The Cost of Suffering Love
It is not clear whether Hosea married a whore to demonstrate his love for her and Yahweh’s unfailing love for Israel or whether he married a respectable woman who became a whore and to whom Hosea remained faithful to demonstrate Yahweh’s faithfulness to israel. Nor is it clear whether it was his experience with Gomer that led him to insights about Yahweh or vice versa. But does it matter? The two incidents were contemporaneous. Perhaps not even Hosea could have answered the question. Perhaps he never even asked it. What is clear is that both were out of character for the people of his day. So how did it come about?
Possibly, as with Job, as a result of personal experience. It may well be the result of Hosea realising he could no longer square his own feelings of love for Gomer with what he knew everyone expected of him. Was that what led him to understand why Yahweh could never give up Israel? Was that relationship also a deeply loving one like that of father and child or husband and wife? If that were the case then his relationship with Gomer taught him something about God. Here we have theology built on personal experience challenging established practice, and there is a price to be paid — unpopularity, uncertainty, scorn, plus the fact that in the end it may all collapse like a pack of cards and the perpetrator finish up eating humble pie.

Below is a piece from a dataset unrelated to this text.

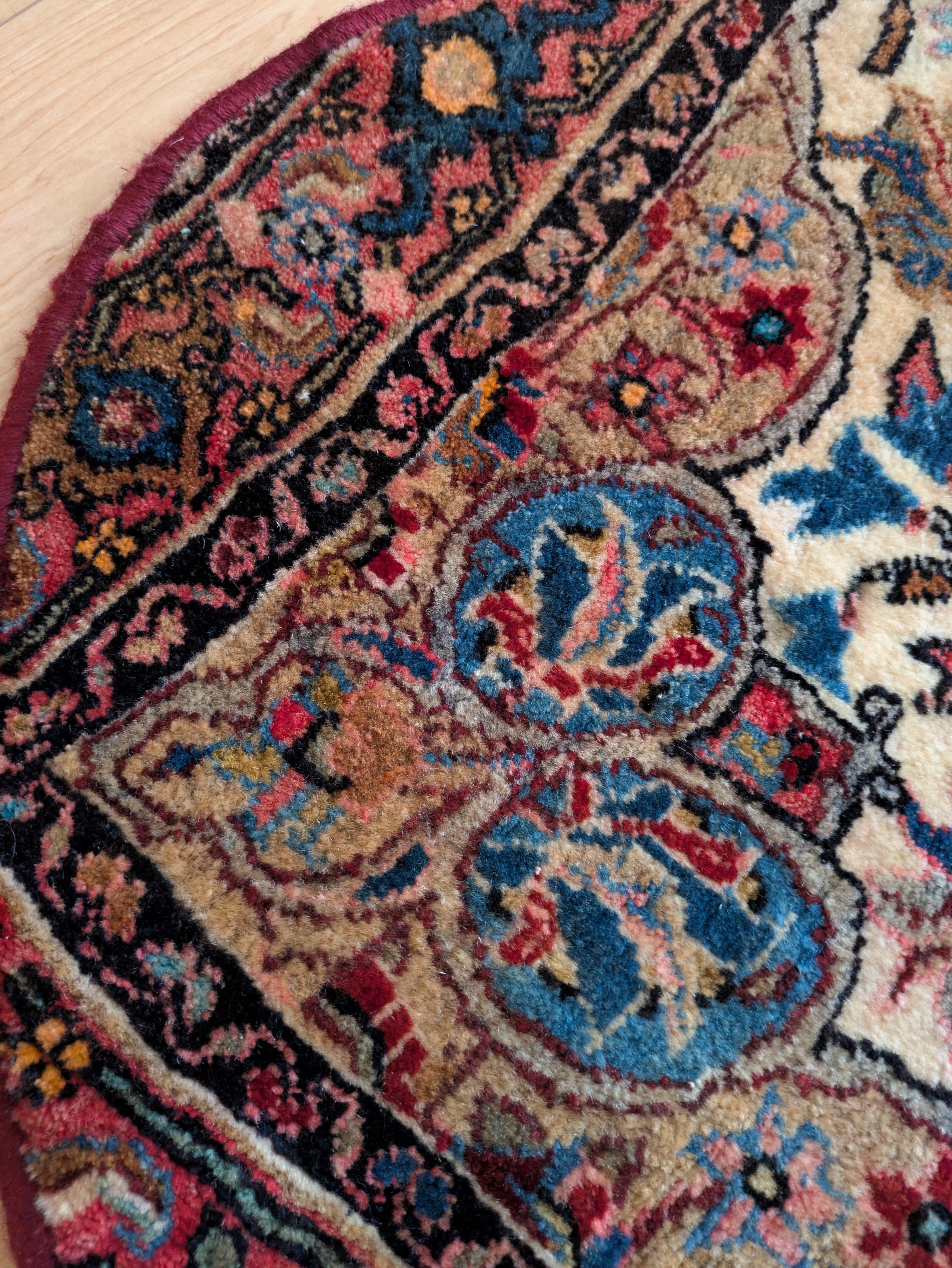 ヴィンテージのトライバルをリメイクして作った、オーバルのラグです。玄関マットにもおすすめのサイズです。その他にも足元のアクセントにいろいろなところでお使いいただけるかと思います。

Once he has made that discovery, and by the time he has come to terms with his theology (chapter 12) he not only has a new conviction about how he is to treat Gomer but also a new spiritual strength to handle it. Superficially it may not make life any easier, may do little if anything to alleviate the scorn; the unpopularity may never go away and he still lives life on the edge for fear of everything coming unstuck and people shouting, ‘we did warn you’, but at least now he knows why he is behaving as he does and in whose footsteps he is treading.